Otro de los que tuvo la oportunidad de implementar el programa es Alejandro Paredes, subadministrador del Fundo Santa Inés de Agrícola La Hornilla, quien indica que la presencia de las flores en el campo fue una buena oportunidad para las distintas alternativas que tienen en el campo. “Lo primero fue darle un uso a un suelo que no estaba siendo utilizado, con un espacio verde con flores, que embellecen el fundo, con el fin de ser atrayente a los polinizantes y se convierta en un espacio de refugio para ellos”. Paredes explica que uno de los requisitos de las exportadoras y clientes de Agrícola La Hornilla es tener elementos que vayan hacia la sustentabilidad y Operation Pollinator va en esa línea. La experiencia del asesor y productor Oscar Aliaga fue de interés inmediato al conocer el programa. “Me interesó el objetivo de alojar a las especies silvestres dotándolas de polen y de néctar. Tenemos ochenta metros cuadrados y hemos visto la visita de abejas silvestres y abejorros, a futuro espero que tengamos más especies de este tipo. Tenemos un campo en Rengo y queremos replicar el proyecto. El programa creo que hay que fomentarlo, promoverlo y desarrollarlo más”.
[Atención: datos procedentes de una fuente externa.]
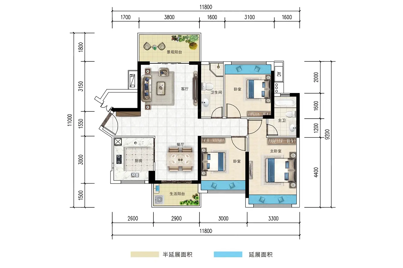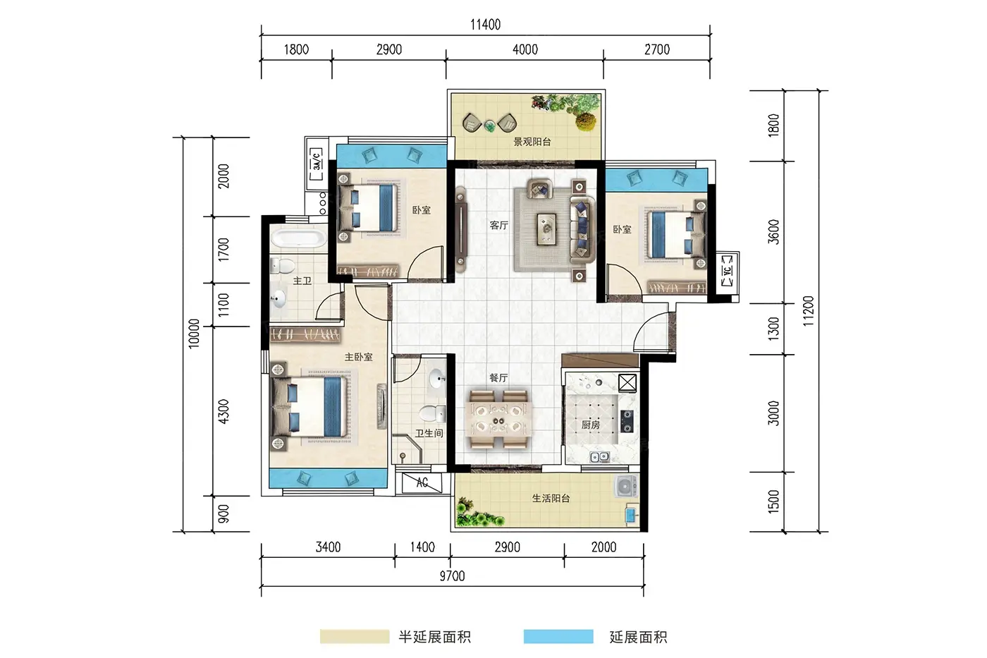 • 3室2厅1厨2卫
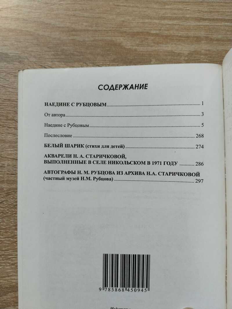 Нинель Александровна Старичкова родилась в с.Никольский Торжок Вологодской области. После окончания Фельдшерско-акушерской школы работала в медицинских учреждениях г.Вологды и в районе освоения целинных земель в Казахстане (1955 - 1958 гг). С 1968 года работала литсотрудником в многотиражной газете `За трудовые успехи`, а затем редактором газеты `За кадры` и `Вологодский текстильщик`. В 1996 году издан сборник стихов `Черемушкино диво`, а в 2000-м году - стихи для детей `Белый шарик`. Работа над воспоминаниями о поэте Николае Рубцове велась со дня его трагической гибели в 1971 году и все последующие годы. Фрагменты печатались в областных газетах, журнале `Русская провинция`. В конечном варианте документальная повесть `Наедине с Рубцовым` была опубликована в `Профсоюзной газете` в 1998 году и отдельным изданием (г.Вологда) в 2001. Содержание:Наедине с Рубцовым,Белый шарик (стихи для детей), Акварели Н. А. Старичковой, выполненные в селе Никольском в 1971 году, Автографы Н. М. Рубцова из архива Н.А.Старичковой (частный музей Н. М. Рубцова)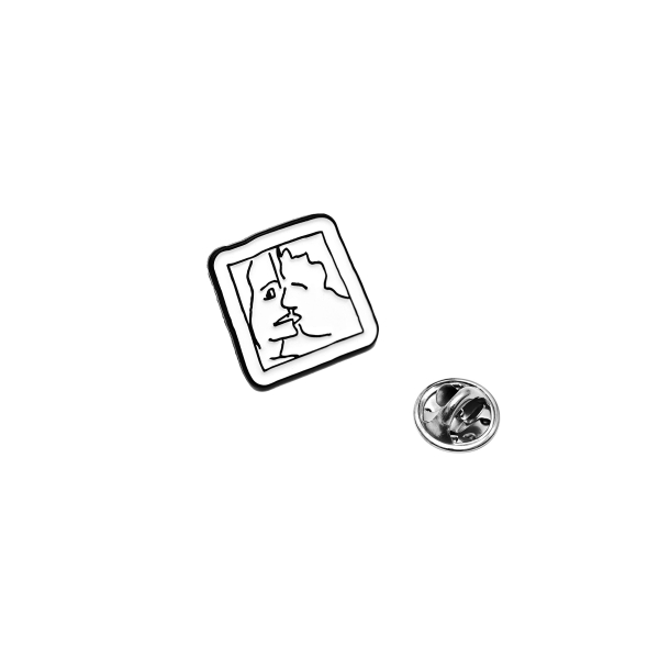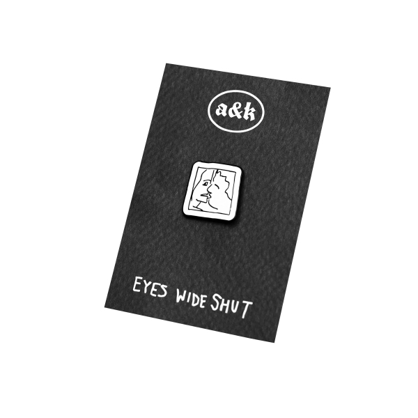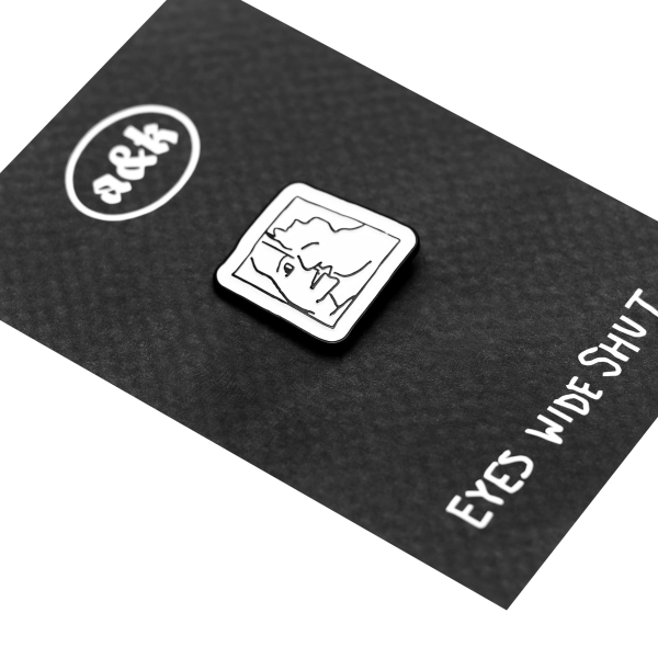 Metallische Anstecknadel von Amber&Key mit Markensymbolik und Illustrationen, gestaltet nach dem Film "Eyes Wide Shut". Die Zeichnung verweist auf das Hauptfilmplakat, das zur Premiere von "Eyes Wide Shut" vorbereitet wurde. Metall mit farbigem Lackauftrag.

Actualmente se han beneficiado 2.800 hectáreas de un total de cien campos que van desde Arica a Punta Arenas. El objetivo es que más agricultores se sumen al cuidado y desarrollo de la biodiversidad. Ante este panorama es necesario comenzar a trabajar en la implementación de prácticas que vayan en esa dirección, para unir los campos por medio de puentes polinizadores, para que estos tengan las condiciones óptimas para su propagación. Ya sea por exigencia de los consumidores como por conciencia del valor que tiene, poco a poco la agricultura chilena integra en su ADN las prácticas de cuidado y desarrollo a la biodiversidad.